ASSIGNMENT —
Every record needs to be repeated exactly; its pictures do not.

......

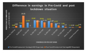 ● The earning capacity of those who are employed has also been drastically affected. To give our readers a perspective, we have presented a contrast of their earnings during the pre- covid and post lockdown era.
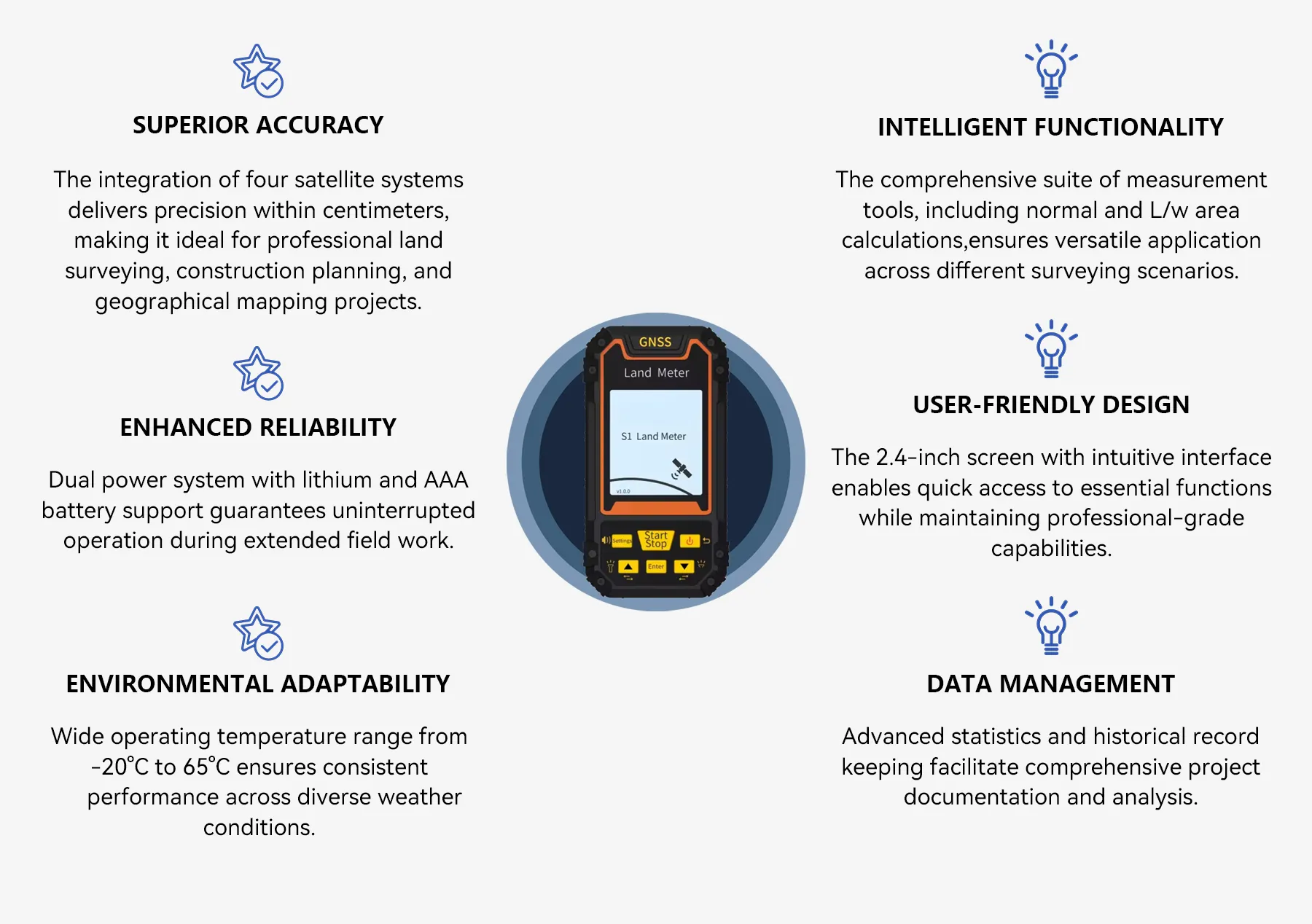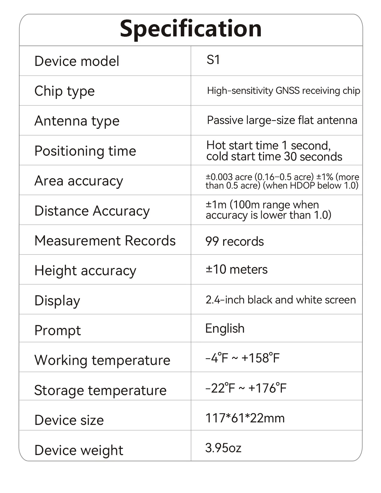 The S1 provides highly accurate measurements by utilizing four satellite systems (GPS, GLONASS, SBAS, BeiDou) simultaneously. Typical accuracy is within centimeters under optimal conditions.
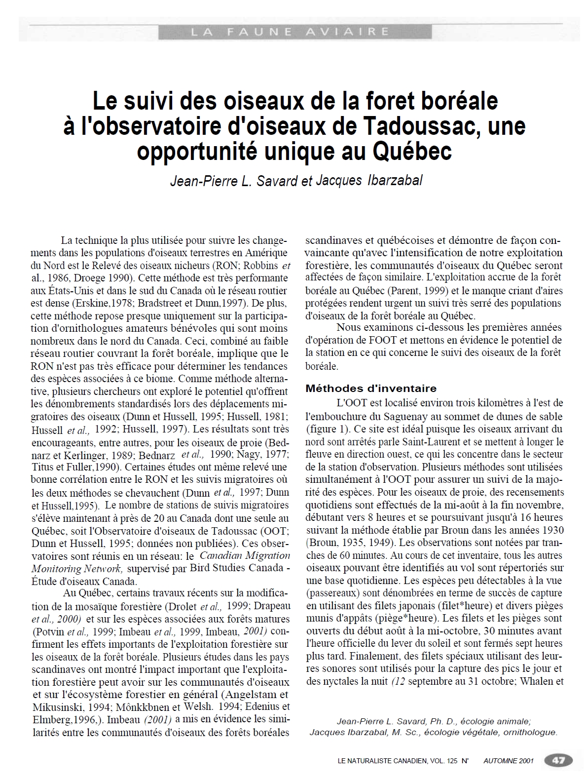 Dans le cas d’une production interne à l’OOT, les chercheurs/auteurs s’engagent à signaler dans toutes les productions faisant usage, en totalité ou en partie, de données ou d’informations provenant de l’OOT, l’ensemble des partenaires de l’OOT. La liste des partenaires sera établie en fonction des années associées aux données. Elle sera fournie par la direction de l’OOT et spécifiée dans l’Accord d’utilisation et de publication des données. Dans le cas d’une production externe à l’OOT, les chercheurs/auteurs s’engagent à signaler dans toutes les publications ou autres communications faisant usage, en totalité ou en partie de données ou d’informations provenant de l’OOT, la provenance de ces données ou de ces informations en indiquant la source de la manière suivante : « Observatoire d’oiseaux de Tadoussac (OOT), corporation Explos-Nature« .
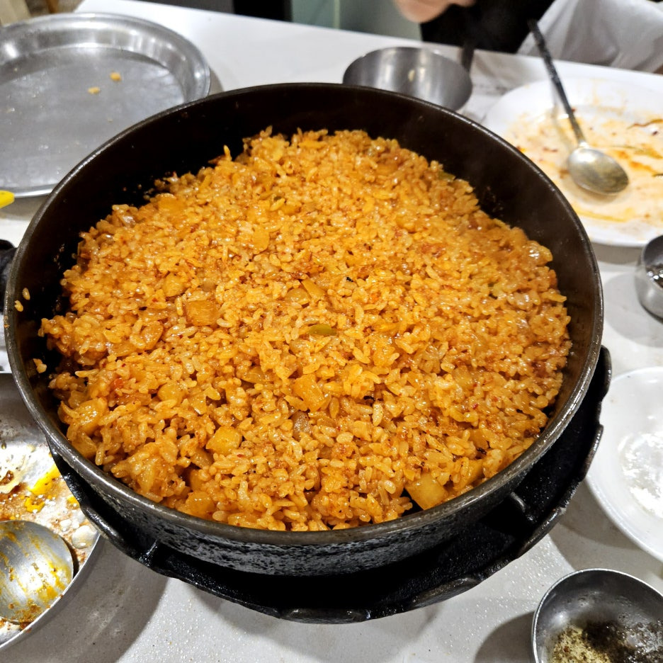 다시 한번 더 내어주신 콩나물국과 함께 깍두기 볶음밥을 미친 듯이 먹는다. 마지막은 불판을 잘 긁어서 누룽지까지 완벽하게 끝내면 된다.
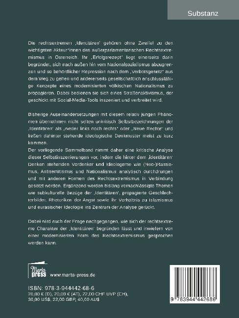 Die rechtsextremen Identitären' gehoren ohne Zweifel zu den wichtigsten Akteurinnen des außerparlamentarischen Rechtsextremismus in Osterreich. Ihr Erfolgsrezept liegt einerseits darin begrundet, sich nach außen hin vom Nationalsozialismus abzugrenzen und so b...
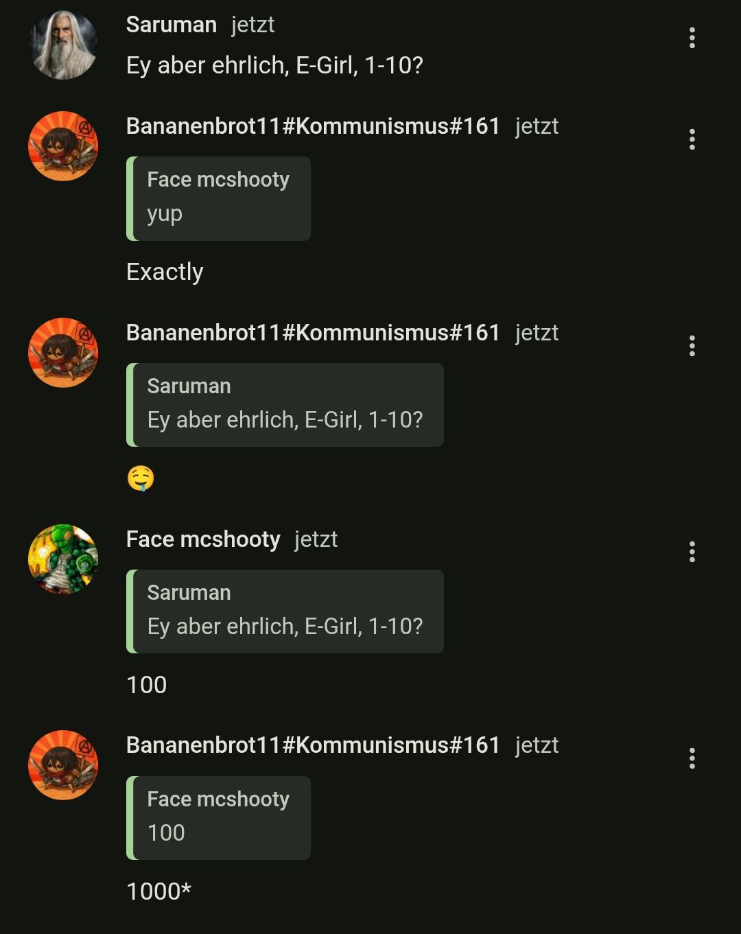 Als Gentleman finde ich es amoralisch und inkorrekt, das Selbstwertgefühl von Frauen mit Zahlenwerten anzugreifen. Als Keks… habe ich keine Ahnung, was ein E-Girl sei. Soll. Electro? ein Roboter? :,)

......

RESPONSE TO THIS TASK —
 ● The earning capacity of those who are employed has also been drastically affected. To give our readers a perspective, we have presented a contrast of their earnings during the pre- covid and post lockdown era.
 The S1 provides highly accurate measurements by utilizing four satellite systems (GPS, GLONASS, SBAS, BeiDou) simultaneously. Typical accuracy is within centimeters under optimal conditions.
 Dans le cas d’une production interne à l’OOT, les chercheurs/auteurs s’engagent à signaler dans toutes les productions faisant usage, en totalité ou en partie, de données ou d’informations provenant de l’OOT, l’ensemble des partenaires de l’OOT. La liste des partenaires sera établie en fonction des années associées aux données. Elle sera fournie par la direction de l’OOT et spécifiée dans l’Accord d’utilisation et de publication des données. Dans le cas d’une production externe à l’OOT, les chercheurs/auteurs s’engagent à signaler dans toutes les publications ou autres communications faisant usage, en totalité ou en partie de données ou d’informations provenant de l’OOT, la provenance de ces données ou de ces informations en indiquant la source de la manière suivante : « Observatoire d’oiseaux de Tadoussac (OOT), corporation Explos-Nature« .
 다시 한번 더 내어주신 콩나물국과 함께 깍두기 볶음밥을 미친 듯이 먹는다. 마지막은 불판을 잘 긁어서 누룽지까지 완벽하게 끝내면 된다.
 Die rechtsextremen Identitären' gehoren ohne Zweifel zu den wichtigsten Akteurinnen des außerparlamentarischen Rechtsextremismus in Osterreich. Ihr Erfolgsrezept liegt einerseits darin begrundet, sich nach außen hin vom Nationalsozialismus abzugrenzen und so b...
 Als Gentleman finde ich es amoralisch und inkorrekt, das Selbstwertgefühl von Frauen mit Zahlenwerten anzugreifen. Als Keks… habe ich keine Ahnung, was ein E-Girl sei. Soll. Electro? ein Roboter? :,)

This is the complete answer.